Опустим тот факт, что жадные чиновники есть везде, признаем, в Европе меньше коррупции и больше порядка в сфере мелкого бизнеса. И что получается? Ресторан открыт, средства вложены, вывешено меню: борщ, пельмени, салат «Оливье», котлеты, пироги с капустой. Спустя год заведение закрывается, а его хозяин сидит у меня в гостиной и недоумевает:
– Не понимаю, почему ко мне народ не шел? В Москве на пельмени жены и кулебяки тещи прибегало полгорода. В Париже мои бабы старались изо всех сил, себя превзошли, а французы мимо идут!
Как объяснить горе-ресторатору, что во Франции пельмени не в ходу? Вернее, равиоли с ягнятиной едят охотно, но они, несмотря на кажущееся сходство, совсем не пельмени!
Оля горестно вздохнула и добавила:
– Рая была всем в Москве довольна.
– Как же она в Бургштайне очутилась? – задала я сам собой напрашивающийся вопрос.
– Анатолия зажимали в институте, где он числился преподавателем, – пояснила Оля, – ректор заставлял его читать студентам лекции, писать методические пособия, проводить семинары, короче говоря…
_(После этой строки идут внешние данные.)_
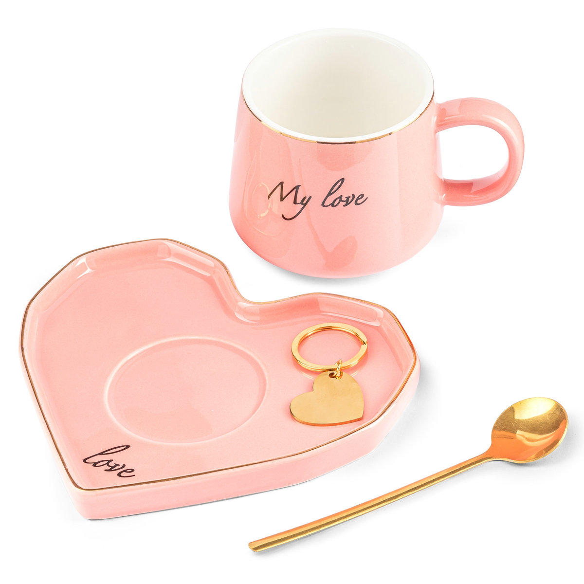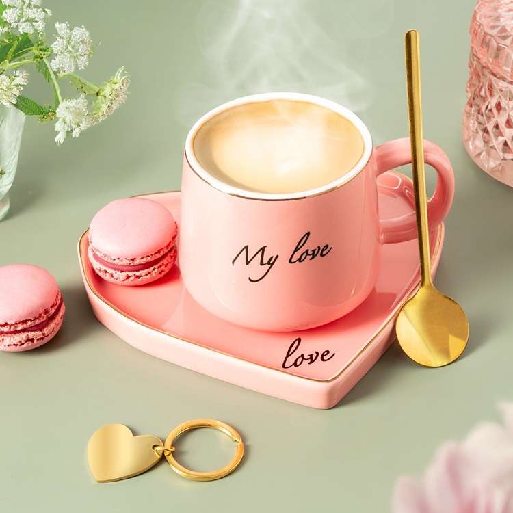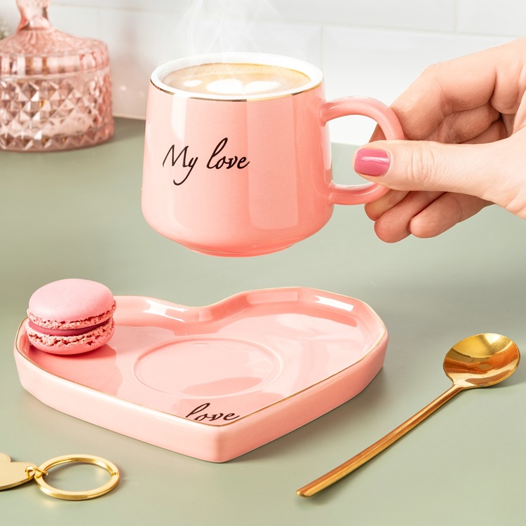 W zestawie znajdziesz porcelanową filiżankę z różowym połyskiem, serduszkowy spodek i złotą łyżeczkę, które wspólnie tworzą zestaw idealny do celebrowania poranków. Całość uzupełnia brelok w kształcie serca z możliwością wygrawerowania – osobisty akcent, który zostanie na długo. A wszystko to zamknięte w stylowym, różowym pudełku, gotowym do wręczenia.
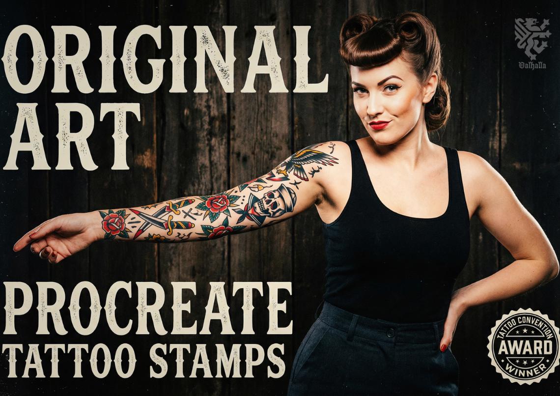 Procreate Tattoo Lettering Kit, Chicano Blackletter Fonts, 1200+ Stamps & Brushes
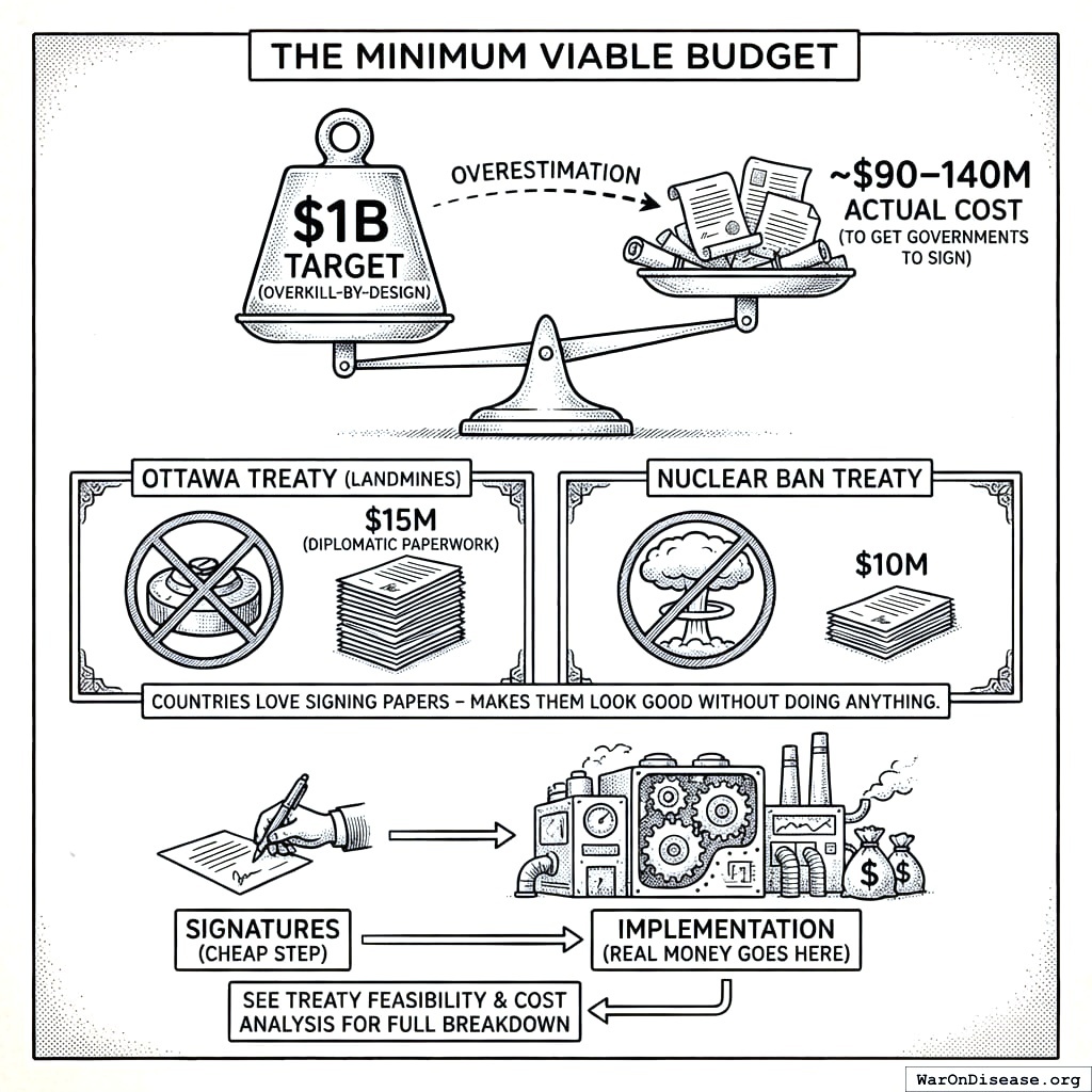 The $1B target is overkill-by-design. The actual cost to get governments to sign a piece of paper? Historically, ~$90-140 million.
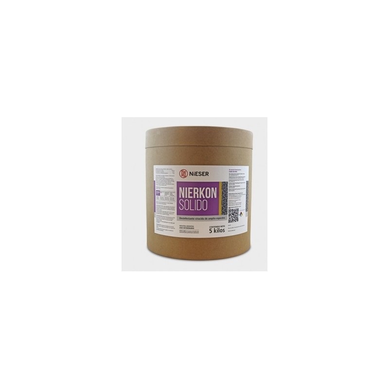 NIERKON SOLIDO Es un desinfectante de acción oxidante. Su agente activo es el monopersulfato de potasio, al que se le suman en sus componentes otros agentes auxiliares diseñados para potenciar la eficacia del agente oxidante. No irrita la piel, ojos ni mucosa respiratoria. No es corrosivo si se utiliza en períodos cortos. Además es un buen surfactante/detergente, lo que le permite ser usado en limpieza además de desinfección. Si se utiliza sobre superficies de metal, estas deben enjuagarse con agua después de 10 minutos con el fin de eliminar el exceso de solución.
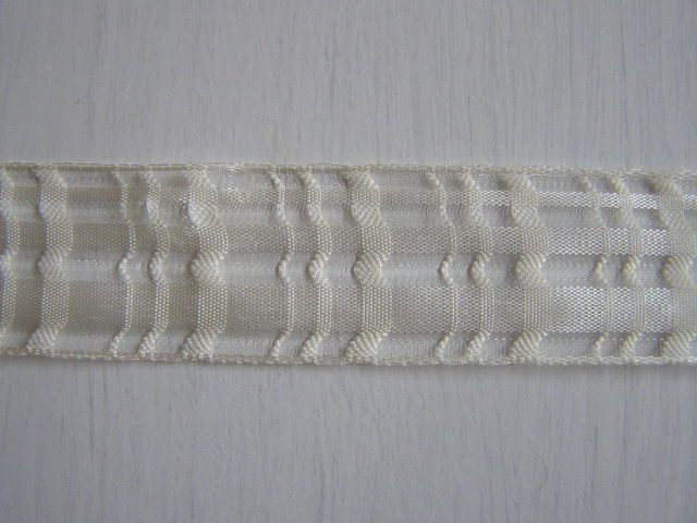 Monofilová stuha - kostka. Okraj zpevněn vlascem.
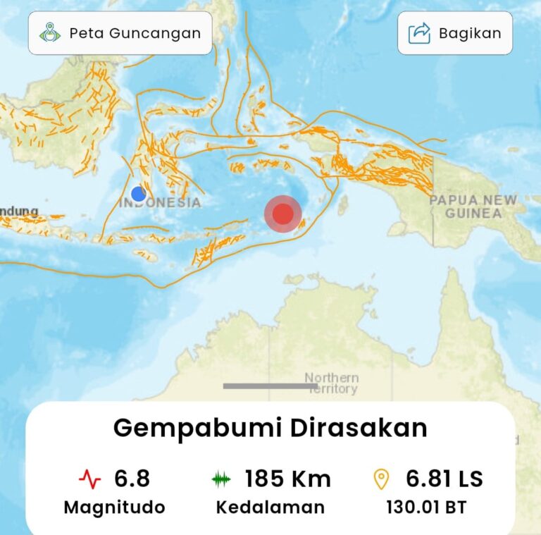 UPdates - Gempa bumi berkekuatan besar yakni Magnitudo (M) 6,8 mengguncang wilayah Kabupaten Kepulauan Tanimbar di Provinsi Maluku pada Selasa malam, 28 Oktober 2025, pada pukul 21.40 WIB.
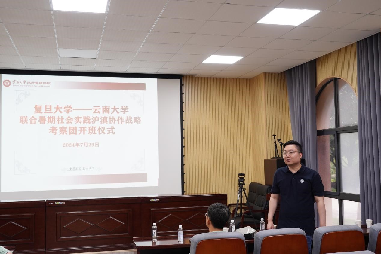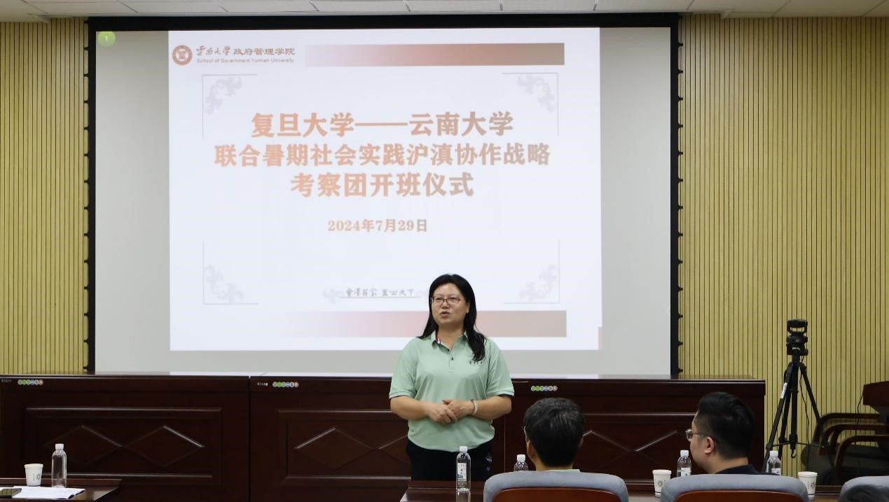 考察团开班仪式于2024年7月29日在威廉体育官方网站105会议室举行。威廉体育williamhill政府管理公司党委书记李娟对复旦大学哲学公司的老师和员工表示了热烈的欢迎,并希望在本次社会实践中,同学们能发现云南和上海沪滇携手,山海共赢背后的精彩故事,进一步传递跨越万水千山的山海情谊。
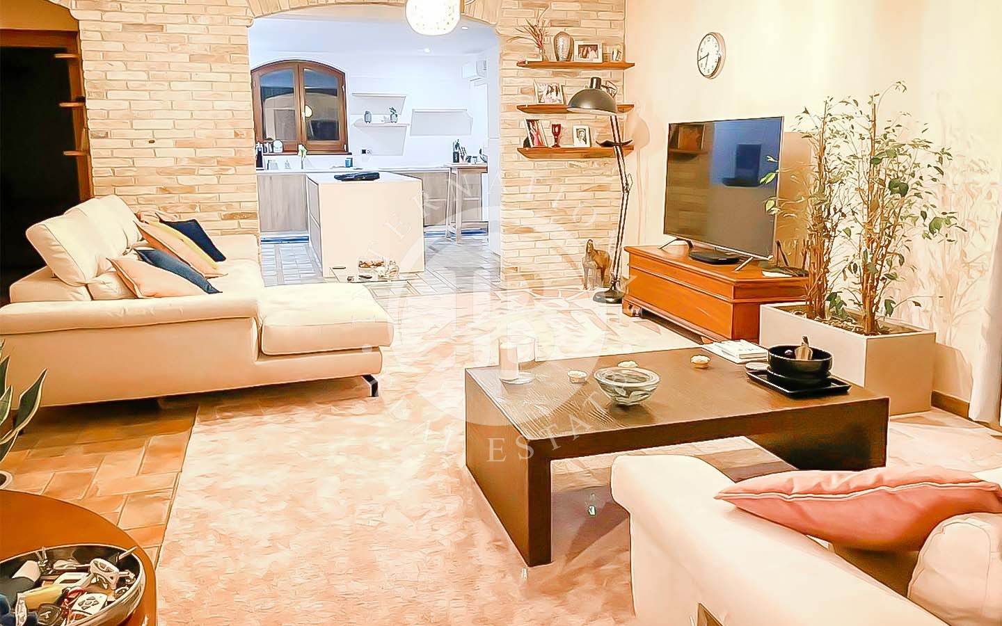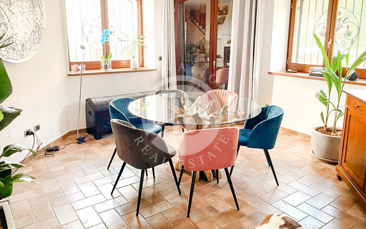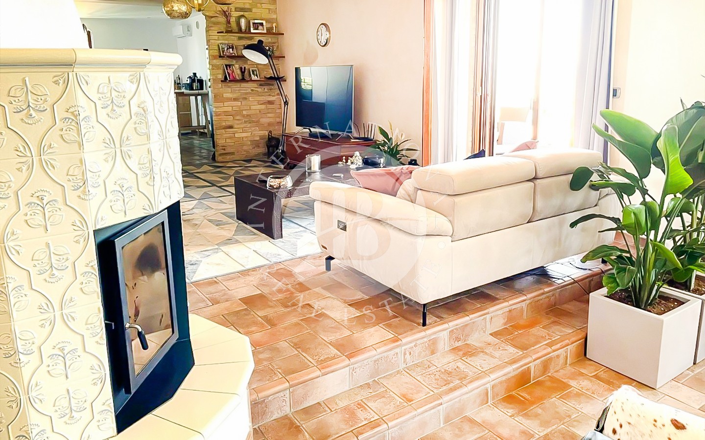 La dimora, arredata con gusto e materiali di pregio, si sviluppa su tre livelli collegati da una comoda scala interna. Al piano terra si accede tramite un ingresso che conduce a un’ampia zona giorno con elegante stufa in maiolica, cucina a vista, disimpegno, un bagno e una camera da letto. Il primo piano ospita tre camere da letto e due bagni, di cui uno en-suite nella camera padronale.
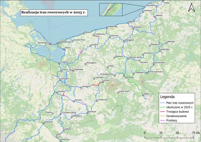 The West Pomeranian Province continues to intensively develop its network of bicycle routes. An analysis of completed, ongoing, and planned sections shows that the region is implementing investments of varying scale, from short connectors improving the cohesion of the network to long, multi-kilometer sections of new routes. Cyclists already have access to nearly 1,000 km of a coherent network of bicycle routes. In 2025, 104 km of routes were marked, of which 51 km are bicycle paths separated from motor traffic. Nearly 50 km are under construction, and tenders have already been announced for the marking of another 40 km. (A high-resolution map can be found at the bottom of the page).
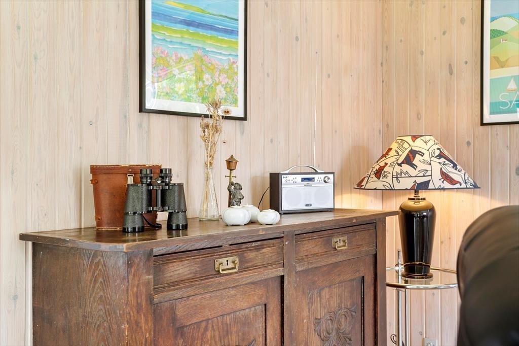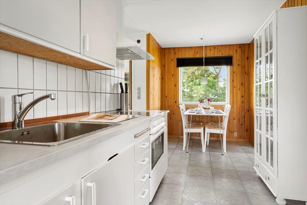 Sommerhuset byder først på et fint og funktionelt køkken, hvor spisebordspladsen er i forlængelse heraf. Ved bordet er et vindue, hvor I har udsigt til haven, når I spiser feriens måltider. Køkkenet er lyst og funktionelt, men den klassiske sommerhusstemning er bevaret.
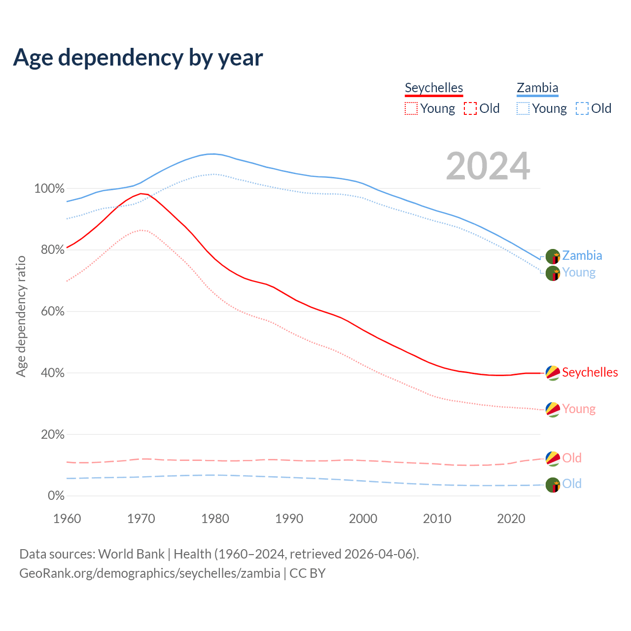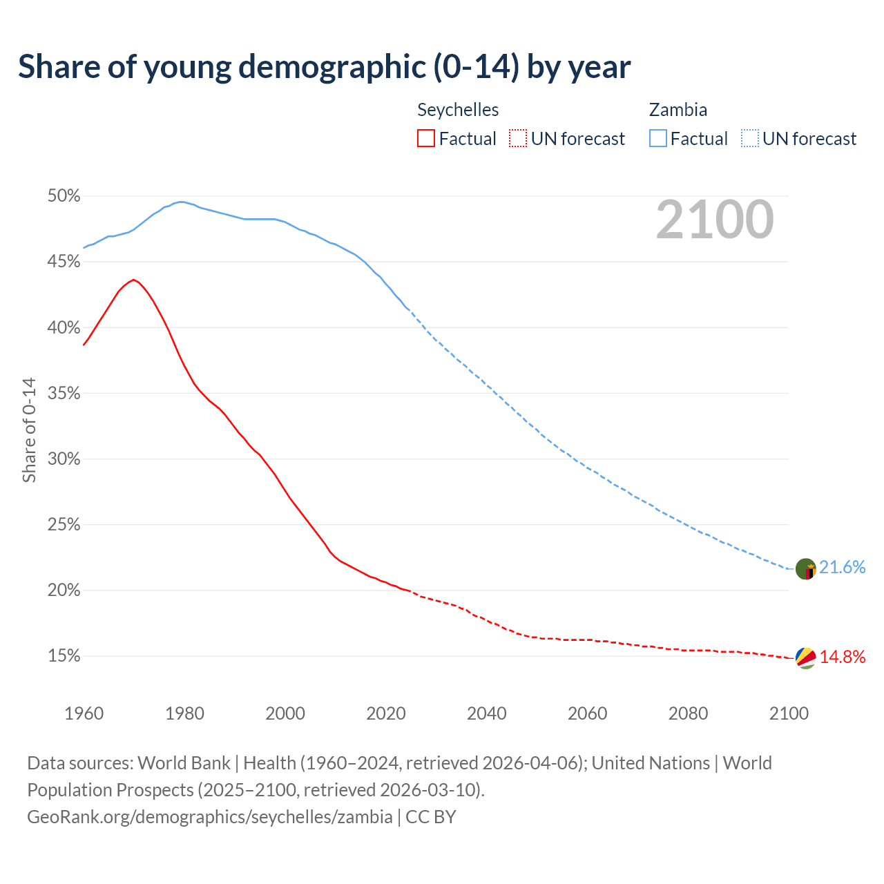 - The share of young demographic (0-15 years old) in the Seychelles is 20% vs 41.5% in Zambia.
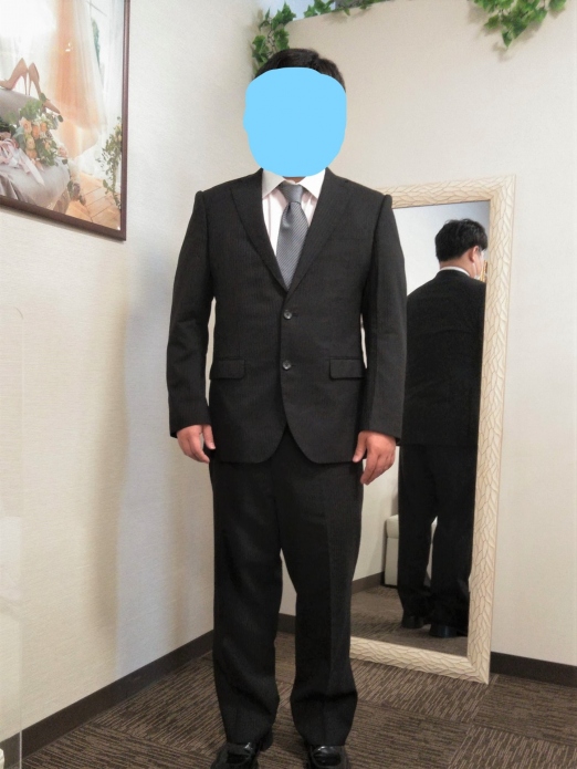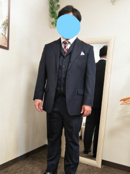 After:体型にピッタリ&スーツに合わせたネクタイとチーフ+オニューの靴で オシャレ感UP💛
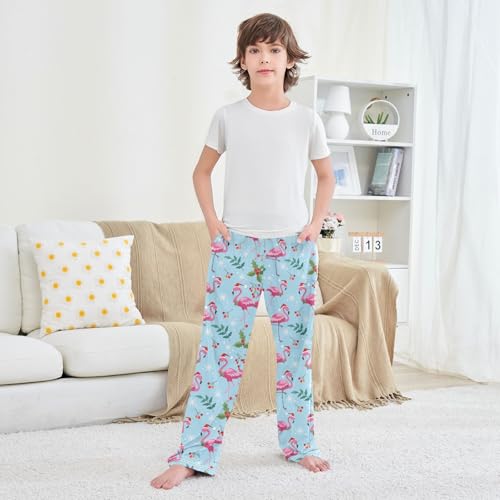 HOT ! Merry Christmas Flamingo Berry Boys Long Pants Soft Trousers Elastic Waist Kids Lounge Bottoms with Pockets S-XL
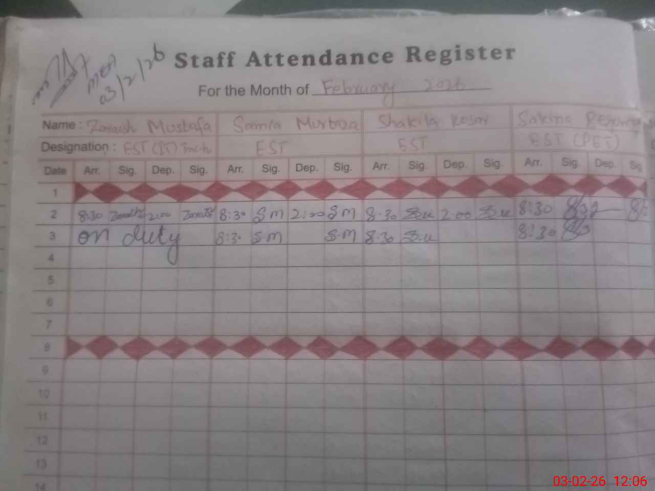 | Name: Za**** Mu**** Designation: (School Headmaster's/Headmistress's) ES T(IT) Phone/Cell Number: 03**** |
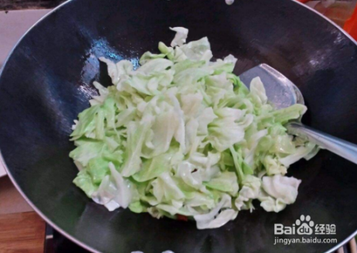 放入包菜快速翻炒。

– Работать, – подсказала я.
– Верно, – согласилась Оля. – Толя же хотел заниматься исключительно вычислениями. Какая-то «добрая душа» нашептала ему, что за кордоном много меценатов, которые спят и видят, как бы поддержать величайшего ученого. Насколько я поняла из случайно брошенных Раисой фраз, идея улизнуть из Москвы принадлежала мужу, а претворять ее в жизнь пришлось жене. Рая нахлебалась всякого, прежде чем очутилась в Бургштайне. Она человек кристальной честности, уникальной работоспособности, ей никогда не надо ни о чем напоминать. Рая не манкирует своими обязанностями, выполняет их безукоризненно. Да, она не пользуется особой любовью у горничной и садовника, потому что требует от них столько же, сколько от себя. Месяца не проходит, чтобы домработница не поймала меня в доме и не заявила: «Ольга Сергеевна, ну я же не терминатор! Раиса Николаевна не дает присесть, велит ручки у дверей начищать, из резьбы буфета ватной палочкой пыль выскребать, а белье приказывает на весу отпаривать!»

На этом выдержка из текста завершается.